[Start of section]

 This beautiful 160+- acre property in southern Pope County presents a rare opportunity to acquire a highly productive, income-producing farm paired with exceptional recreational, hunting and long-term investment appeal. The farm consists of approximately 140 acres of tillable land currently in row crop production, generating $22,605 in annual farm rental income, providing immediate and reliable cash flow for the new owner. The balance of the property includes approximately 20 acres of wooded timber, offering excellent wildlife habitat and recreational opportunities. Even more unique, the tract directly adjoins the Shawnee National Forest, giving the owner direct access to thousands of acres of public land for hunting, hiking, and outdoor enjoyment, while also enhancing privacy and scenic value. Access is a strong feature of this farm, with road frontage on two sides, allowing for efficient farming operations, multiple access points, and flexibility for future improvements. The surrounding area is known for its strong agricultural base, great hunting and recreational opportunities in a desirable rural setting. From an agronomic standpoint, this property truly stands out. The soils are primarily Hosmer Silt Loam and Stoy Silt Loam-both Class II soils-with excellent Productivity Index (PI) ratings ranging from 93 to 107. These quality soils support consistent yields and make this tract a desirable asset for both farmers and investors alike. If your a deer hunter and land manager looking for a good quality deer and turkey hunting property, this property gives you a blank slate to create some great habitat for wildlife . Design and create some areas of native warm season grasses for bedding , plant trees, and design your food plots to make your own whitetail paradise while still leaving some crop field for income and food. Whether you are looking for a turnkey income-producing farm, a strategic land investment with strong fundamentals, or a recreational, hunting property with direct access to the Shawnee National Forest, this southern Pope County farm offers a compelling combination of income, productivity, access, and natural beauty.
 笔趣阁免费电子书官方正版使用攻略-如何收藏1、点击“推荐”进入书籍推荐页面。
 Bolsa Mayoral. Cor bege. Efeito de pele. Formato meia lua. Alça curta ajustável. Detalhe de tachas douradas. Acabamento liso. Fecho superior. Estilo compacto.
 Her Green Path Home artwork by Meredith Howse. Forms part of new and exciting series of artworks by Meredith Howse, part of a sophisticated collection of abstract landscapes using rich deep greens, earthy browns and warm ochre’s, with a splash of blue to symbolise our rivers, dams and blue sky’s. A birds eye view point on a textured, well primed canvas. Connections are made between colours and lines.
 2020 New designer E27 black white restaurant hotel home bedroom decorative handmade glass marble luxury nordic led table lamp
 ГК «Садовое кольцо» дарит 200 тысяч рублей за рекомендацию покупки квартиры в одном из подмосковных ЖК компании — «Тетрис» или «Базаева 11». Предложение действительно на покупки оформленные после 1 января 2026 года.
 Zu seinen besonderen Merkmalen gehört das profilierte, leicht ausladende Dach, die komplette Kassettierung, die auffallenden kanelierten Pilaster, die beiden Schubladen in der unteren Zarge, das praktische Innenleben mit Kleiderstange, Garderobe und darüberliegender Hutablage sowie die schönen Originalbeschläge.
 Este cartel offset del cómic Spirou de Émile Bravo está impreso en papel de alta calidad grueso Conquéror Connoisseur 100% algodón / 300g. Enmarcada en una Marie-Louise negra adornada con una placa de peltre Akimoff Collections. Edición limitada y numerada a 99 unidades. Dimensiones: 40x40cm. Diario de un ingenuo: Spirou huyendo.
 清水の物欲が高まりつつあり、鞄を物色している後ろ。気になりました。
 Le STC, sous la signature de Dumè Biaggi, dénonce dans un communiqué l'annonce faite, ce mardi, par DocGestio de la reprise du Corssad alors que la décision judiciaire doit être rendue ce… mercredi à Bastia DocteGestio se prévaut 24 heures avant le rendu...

[End of section]

What you are asked to do: Each entry should be written out again exactly, with no word left out.

Answer to this problem:
 This beautiful 160+- acre property in southern Pope County presents a rare opportunity to acquire a highly productive, income-producing farm paired with exceptional recreational, hunting and long-term investment appeal. The farm consists of approximately 140 acres of tillable land currently in row crop production, generating $22,605 in annual farm rental income, providing immediate and reliable cash flow for the new owner. The balance of the property includes approximately 20 acres of wooded timber, offering excellent wildlife habitat and recreational opportunities. Even more unique, the tract directly adjoins the Shawnee National Forest, giving the owner direct access to thousands of acres of public land for hunting, hiking, and outdoor enjoyment, while also enhancing privacy and scenic value. Access is a strong feature of this farm, with road frontage on two sides, allowing for efficient farming operations, multiple access points, and flexibility for future improvements. The surrounding area is known for its strong agricultural base, great hunting and recreational opportunities in a desirable rural setting. From an agronomic standpoint, this property truly stands out. The soils are primarily Hosmer Silt Loam and Stoy Silt Loam-both Class II soils-with excellent Productivity Index (PI) ratings ranging from 93 to 107. These quality soils support consistent yields and make this tract a desirable asset for both farmers and investors alike. If your a deer hunter and land manager looking for a good quality deer and turkey hunting property, this property gives you a blank slate to create some great habitat for wildlife . Design and create some areas of native warm season grasses for bedding , plant trees, and design your food plots to make your own whitetail paradise while still leaving some crop field for income and food. Whether you are looking for a turnkey income-producing farm, a strategic land investment with strong fundamentals, or a recreational, hunting property with direct access to the Shawnee National Forest, this southern Pope County farm offers a compelling combination of income, productivity, access, and natural beauty.
 笔趣阁免费电子书官方正版使用攻略-如何收藏1、点击“推荐”进入书籍推荐页面。
 Bolsa Mayoral. Cor bege. Efeito de pele. Formato meia lua. Alça curta ajustável. Detalhe de tachas douradas. Acabamento liso. Fecho superior. Estilo compacto.
 Her Green Path Home artwork by Meredith Howse. Forms part of new and exciting series of artworks by Meredith Howse, part of a sophisticated collection of abstract landscapes using rich deep greens, earthy browns and warm ochre’s, with a splash of blue to symbolise our rivers, dams and blue sky’s. A birds eye view point on a textured, well primed canvas. Connections are made between colours and lines.
 2020 New designer E27 black white restaurant hotel home bedroom decorative handmade glass marble luxury nordic led table lamp
 ГК «Садовое кольцо» дарит 200 тысяч рублей за рекомендацию покупки квартиры в одном из подмосковных ЖК компании — «Тетрис» или «Базаева 11». Предложение действительно на покупки оформленные после 1 января 2026 года.
 Zu seinen besonderen Merkmalen gehört das profilierte, leicht ausladende Dach, die komplette Kassettierung, die auffallenden kanelierten Pilaster, die beiden Schubladen in der unteren Zarge, das praktische Innenleben mit Kleiderstange, Garderobe und darüberliegender Hutablage sowie die schönen Originalbeschläge.
 Este cartel offset del cómic Spirou de Émile Bravo está impreso en papel de alta calidad grueso Conquéror Connoisseur 100% algodón / 300g. Enmarcada en una Marie-Louise negra adornada con una placa de peltre Akimoff Collections. Edición limitada y numerada a 99 unidades. Dimensiones: 40x40cm. Diario de un ingenuo: Spirou huyendo.
 清水の物欲が高まりつつあり、鞄を物色している後ろ。気になりました。
 Le STC, sous la signature de Dumè Biaggi, dénonce dans un communiqué l'annonce faite, ce mardi, par DocGestio de la reprise du Corssad alors que la décision judiciaire doit être rendue ce… mercredi à Bastia DocteGestio se prévaut 24 heures avant le rendu...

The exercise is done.